Elles conviennent maintenant qu’en cas d’une telle attaque armée, chaque État fournira une assistance conformément au droit de légitime défense individuelle ou collective reconnu par l’article 51 de la Charte des Nations Unies :
La partie ou les parties attaquées à prendre les mesures qu’elle(s), seule(s) ou de concert avec d’autres parties, jugera(ont) nécessaires, y compris l’emploi de la force armée, pour rétablir et maintenir la sécurité dans la région de l’Atlantique Nord, et qu’une telle attaque armée et les mesures prises en réponse à celle-ci seront promptement signalées au Conseil de sécurité.
Ces actions prendront fin lorsque le Conseil de sécurité prendra les mesures nécessaires pour rétablir et maintenir la paix et la sécurité internationales. L’article n’a été testé qu’une seule fois après les attentats du 11 septembre pour aider les États-Unis dans la lutte contre le terrorisme.
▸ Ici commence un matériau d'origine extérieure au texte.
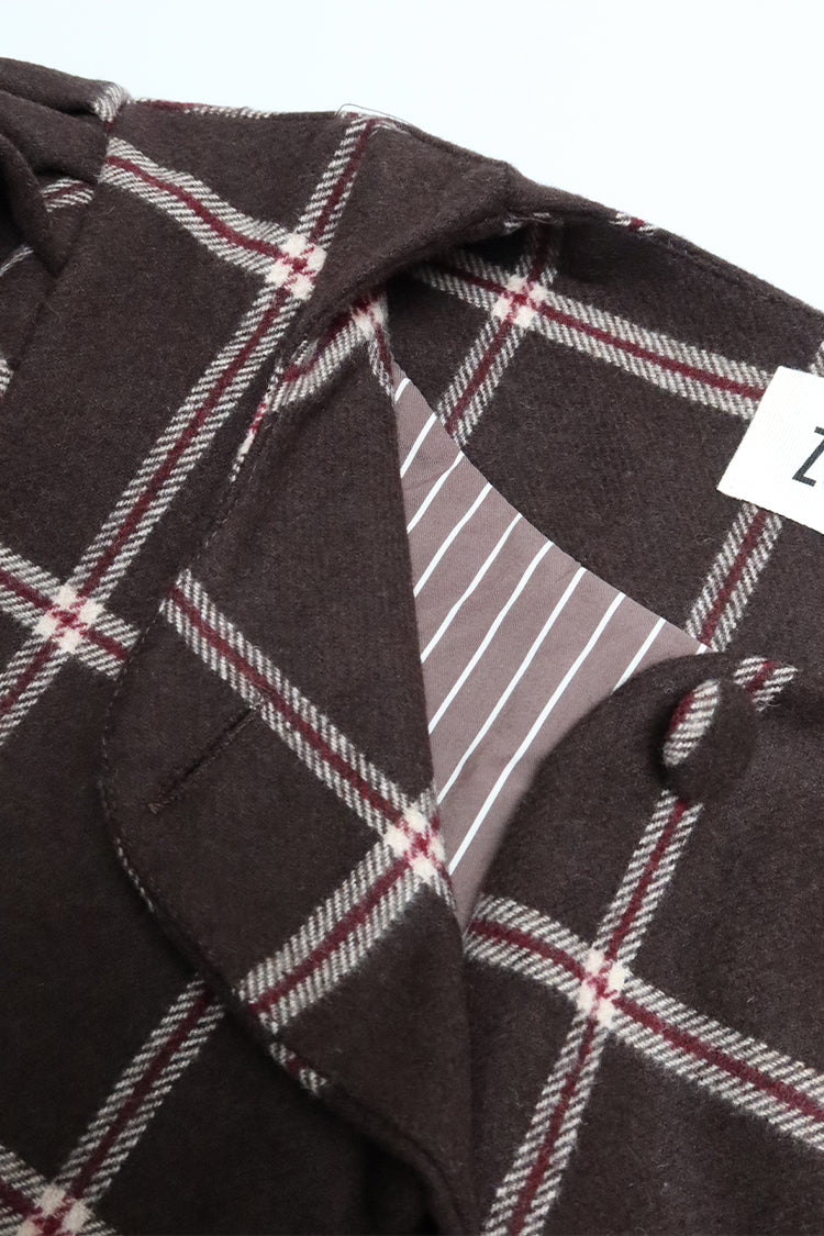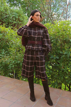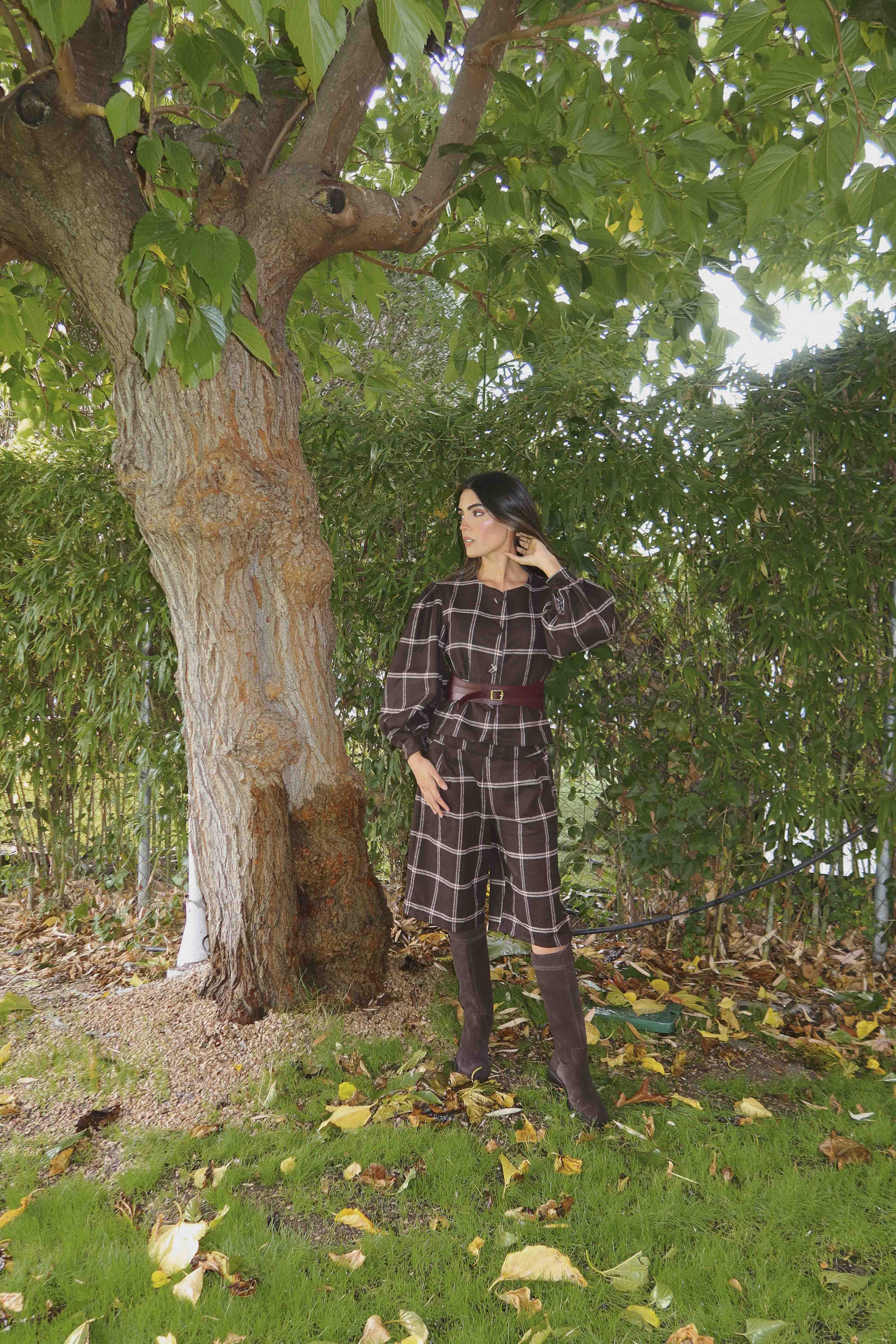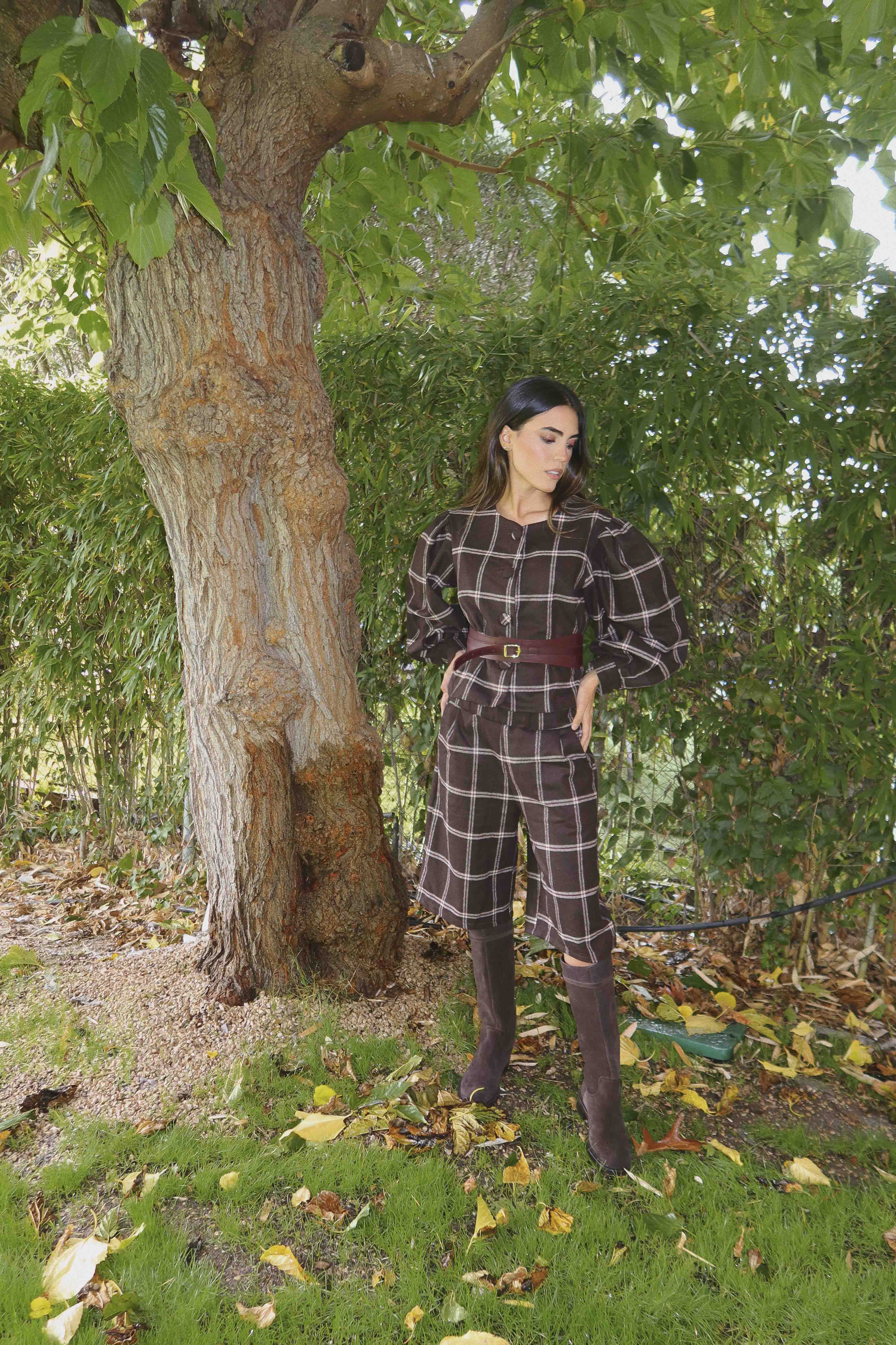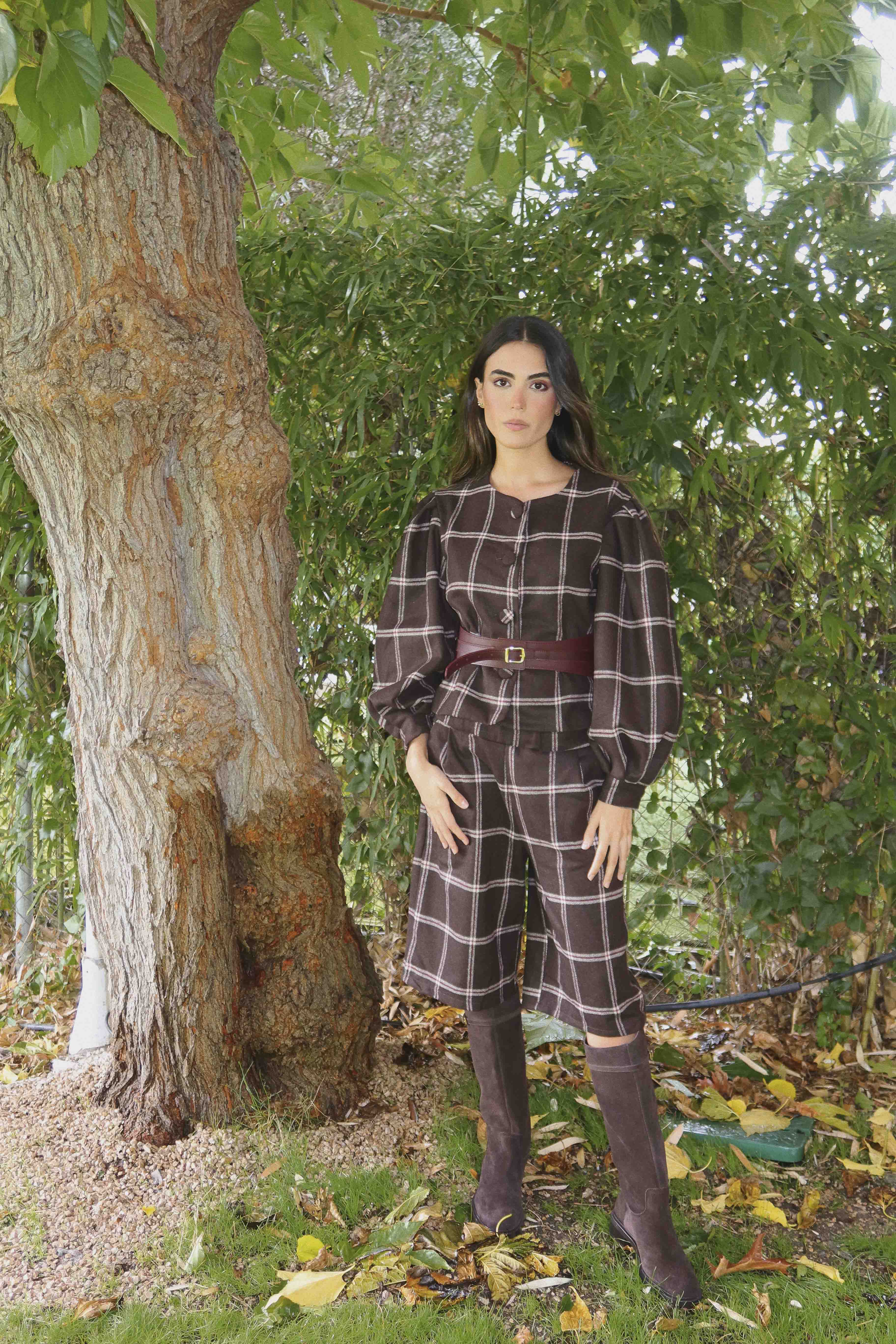 Chaqueta de manga larga abullonada, cuello redondo, cierre delantero con botones forrados. Forro en su interior. Puño sencillo cierre con botón forrado.

L’élément le plus inquiétant est l’aggravation des tensions entre la Russie, la Finlande et la Suède pendant la période de transition jusqu’à l’adhésion formelle à l’OTAN, d’autant plus que le principe de défense collective est l’élément le plus sensible pour Moscou et suscite toujours l’ire du Kremlin. La Russie pourrait donc envisager d’empêcher de manière proactive ces deux pays d’adhérer à l’OTAN.
Moscou a averti que l’adhésion des deux pays à l’OTAN aura de graves conséquences militaires et politiques. Elle a évoqué des « mesures de rétorsion. »
Ce qui se passe actuellement est un tournant historique, surtout pour la Finlande, qui est restée neutre pendant la guerre froide, et l’enthousiasme des membres de l’OTAN pour l’adhésion des deux pays semble compréhensible, d’autant plus que l’alliance veut empêcher tout projet de guerre russe contre l’Europe, d’autant plus que la Finlande a la plus longue frontière entre les mains d’un État de l’UE et la Russie, avec plus de 1.300 km.
Bien que la décision officielle de la Finlande et de la Suède d’adhérer à l’OTAN n’ait pas encore été annoncée, on parle d’une décision qui interviendrait avant le sommet de l’alliance à la fin du mois prochain. La crise entre la Russie et l’Occident va donc entrer dans un nouveau guêpier au lieu de trouver une solution à ce qui se passe en Ukraine.